I. God’s Judgment On Sin (continued)

A. It may seem Paul belabors the subject of God’s judgment, but spending some time on this matter and establishing a firm footing in this area magnifies the grace of God as well as helps us remember there is a divine person we must answer to.

B. In verse 6, Paul reminds us God will judge all people.

C. Those who have no relationship with God go about their everyday activities with little or no thought of having to answer to God. A part of God’s judgment will be meted out on sinners.

1. Since they have not committed their life to him, and he is therefore not part of their daily thoughts, they live with reckless abandon.

2. Life is about them, enhancing their image, getting ahead, accumulating possessions, investing wisely for the future and having a family.

3. Unlike the believer, all of these and other activities are carried out with self in mind.

4. This is not to say a thought of God or some responsibility factor never enters their mind, but they do not let such thoughts govern their actions-they do not consult God about decisions they make.

5. At the end of their lives or at the end of time at the Great White Throne Judgment (depending on one’s view of when we actually stand before God), they will be given the opportunity to defend their actions.

6. Jesus himself warned about such a lifestyle when he spoke of gaining the whole world but losing one’s soul. This statement was followed by the warning of his coming, along with his angels, to judge all people according to their deeds. (Matthew 16:24-28)

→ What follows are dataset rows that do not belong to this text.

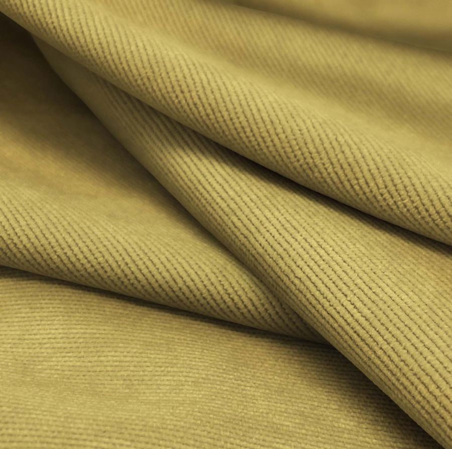 La tela base es la Pana Aterciopelada - Dublin, compuesta por 85% POLIÉSTER, 12% POLIAMIDA y 3% ELASTANO y con un gramaje de 280 gr/m2. El color liso impreso es Amarillo Oro, con un CMYK de 27 32 73 12. Este color simboliza el éxito y la prosperidad, y técnicamente es un color cálido y brillante que se combina bien con tonos tierra y marrones. Es importante destacar que la tela está impresa con el color liso a una sola cara por impresión digital textil.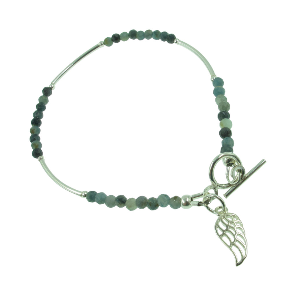 Ritka kék turmalin karkötő ezüst kiegészítőkkel, angyalszárny charm-mal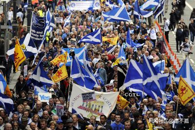 富時合窮時分——蘇格蘭的離心趨勢還有現實利益考慮。在“日不落帝國”時期,蘇格蘭人倒是背靠大樹好乘涼,但隨着二戰後英國逐步淪為世界上的二流國家,蘇格蘭人要求分家獨立的聲音又多了起來。一個典型標誌是,曾經雄霸蘇格蘭的工黨漸漸被邊緣化,取而代之的是主張蘇格蘭獨立的蘇格蘭民族黨。2014年,倫敦沒能頂住蘇格蘭方面的壓力,允許蘇格蘭舉行獨立公投,55%的蘇格蘭選民選擇繼續留在英國,但高達45%的選民支持獨立説明其分家情緒之高。去年12月,經歷了3年“脱歐”折騰的英國迎來大選,打出“二次公投”口號的蘇格蘭民族黨,一舉拿下了議會下院蘇格蘭59個席位中的48席,大有要一統蘇格蘭的架勢。而這也是其黨魁斯特金敢於叫板唐寧街10號的底氣所在。

7. The judgment of unbelievers will be according to their works, for there is nothing else for God to judge them by since they have rejected the gift of his Son and the forgiveness that comes through that relationship.

8. Every society has knowledge of an existent moral law. If they did not, they would not establish laws that bring punishment when violated.

9. Since these people do not appear before God in a faith relationship (which would remove the judgment), they must appear on the basis of their good works.

10. Their fate, however, is sealed for they can never live up to God’s ideal which is perfect obedience to his law.

11. Paul will deal later with the fact that no person can be justified by the law even if he could perfectly obey it. (3:20)

12. We are not told how all elements of this judgment scene will play out, but if given the chance, surely these individuals will begin to enumerate all the good things they did in life, hoping they will be sufficient to gain them entrance into heaven. However, such a philosophy-as popular as it is, is destined to fail and represents a huge misunderstanding of how God operates.

D. Believers will stand before the judgment seat of Christ.

1. This judgment is quite different for God will not judge us for sin but rather on our deeds.

2. God’s judgment on sinners relegates them to eternal separation from him. They failed to receive his gift.

3. Believers, however, are not under condemnation, though our actions will be considered. There is no condemnation for those who are in Christ Jesus. (8:1)

4. God’s gift of salvation does not free us from faithful obedience to him.

5. Our rewards-the amount or dearth of them, will be determined by this judgment.

6. This judgment has nothing to do with whether we enter heaven or hell-that was settled when we decided to follow Christ.

E. Having examined the above two aspects of judgment, we agree with Paul’s line of thought-God will judge all people according to what they have done.

1. All people will stand before God on one of two foundations.

2. They either stand on the foundation of grace or works. The first is secure while the last will crumble.

F. Another aspect of God’s judgment is that the punishment will not be equal for all who have failed to believe-though it will be fair.

1. The eternal destiny will be identical, but the punishment will vary.

2. Those who had great opportunity to trust Christ yet chose to live in open rebellion will receive the greater punishment, while those who had less light will be given fewer stripes.

3. Jesus explains this aspect of judgment when telling the parable of the servants who were left in charge of their master’s household while he was away.

4. The faithful servant will be rewarded, but the servant who acts wickedly because he thinks his master will be gone a long time will be punished.

5. He will be severely punished because he knew what he was supposed to do and did not do it. (Luke 12:47-48)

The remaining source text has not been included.